Volgens hoteleigenaar Brandriet, tevens secretaris van het Hotel Overleg Twente (HOT), verwacht Leurink te veel van het samen­werkingsverband. ’Je houdt altijd kritiek; je kunt het niemand volledig naar zijn zin maken. Het is wel een feit dat we ons vooral op drie-, vier- en vijfsterrenaccommodaties richten. Dan zijn er veel belangengroepe­ringen. Vergeet overigens niet dat sinds de realisatie van HOT de bedbezetting in Twente met nogal wat procenten is gestegen. Dus zo slecht doen we het nog niet.’

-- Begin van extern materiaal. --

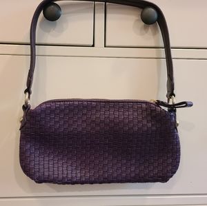 Elliott Lucca Dark Plum Purple and Gold Woven Leather Small Shoulder Bag Purse
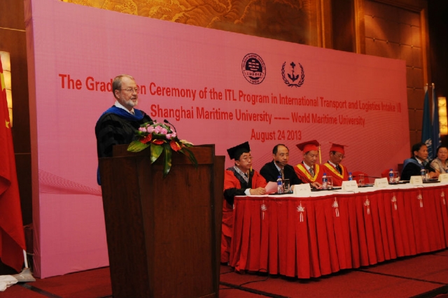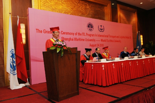 2013年8月24日上午,我校与世界海事大学合作举办的“国际运输与物流”硕士项目第八届学员毕业典礼在上海东锦江希尔顿逸林酒店顺利举行。我校校长黄有方、副校长金永兴,世界海事大学校长比昂·沙瑞夫、副校长马硕,国际交流处处长余宏荣,亚洲成人直播 院长施欣、党委书记冯晨曦等嘉宾共同出席毕业典礼。

’Samenwerking is net zo sterk als de zwakste schakel,’ zegt Strikker voorzichtig. ’De markt is er; nu het aanbod­ nog. De laatste jaren zie je de ontwikkeling van veel kleine bedrijfjes. Ze onderscheiden zich door kwaliteit en prijsbewustzijn. Zij weten zich zo te ontpoppen tot relatief grote, goed georganiseerde hotels. Samenwerking is altijd een middel; het mag nooit een doel zijn. Kwaliteit komt vanzelf bovendrijven. Je weet toch als hotel wat je gasten willen. Het gaat om een goede mix van medewerkers, product, gasten en wat je zelf wilt. Verfijning in die samenwerking zie ik niet zo zitten.’

Oase

Horeca Nederland stelt zich diplomatiek op: 'Er is in ons land ruimte voor een zogenaamde en-en-situatie. Twente kan best de hoogste positie innemen, als deze wordt gedeeld met Zuid-Limburg. De vijver is groot genoeg. Mensen kiezen hun vakantiebestemming vaak impulsief en op irrationele gronden. Dat maakt hotelgasten soms lastig te bevatten; zeker als het een midweekarrangement of een lang weekeinde betreft.

In Twente wordt intussen groot belang gehecht aan de A1. Deze verkeersader heeft er voor gezorgd dat de mensen uit de Randstad, met welgevulde portefeuilles, binnen anderhalf uur kunnen genieten van de Twentse oase van rust. Golfbanen, anti-stressweekeinden en geen

vliegtuig-, verkeer-, of treinkabaal.

’We zijn sterk genoeg. We hebben een eigen uitstraling,’ vindt Strikker. ’Dat is onze kracht en daarop bouwen we verder.'

Twentepromotie
Als het aan directeur Leurink van Hotellerie De Holtweijde in Lattrop ligt, komt er een krachtige Twen­tepromotie die wekelijks verschijnt als tv-spotje, of als advertentie in landelijke dagbladen. ’Jaarlijks hebben we als HOT ruim een ton te beste­den. Dat geld wordt veel te verspreid uitgegeven. De gemiddelde Nederlander heeft maandelijks een achterstand van bijna een halve meter aan folders waar hij niet aan toekomt. Waarom gebruiken wij dat middel dan nog? Zo'n gastenboekje van HOT dat nu wordt ontwikkeld, ... Dat mist toch iedere uitwerking. Er moet een sterk, eigentijds Twentelogo ontwikkeld worden waarvan de lezer of tv-kijker zegt: "Hè, daar heb je die Tukkers weer. Ik ga er toch eens een kijkje nemen." De huidige uitga­ven leveren veel te weinig rende­ment op.'
Een betere samen­werking komt nauwelijks van de grond door jaloezie en naijver, stelt Leurink. ’Mensen denken teveel aan hun eigen toko, terwijl zij toch vooral gemeenschap­pelijke belangen hebben. De hôteliers zouden meer vertrouwen in elkaar moeten hebben. We moeten gezamenlijk die streep over; de bescheidenheid afwerpen. Dan ligt er voor ons een mooie toekomst.’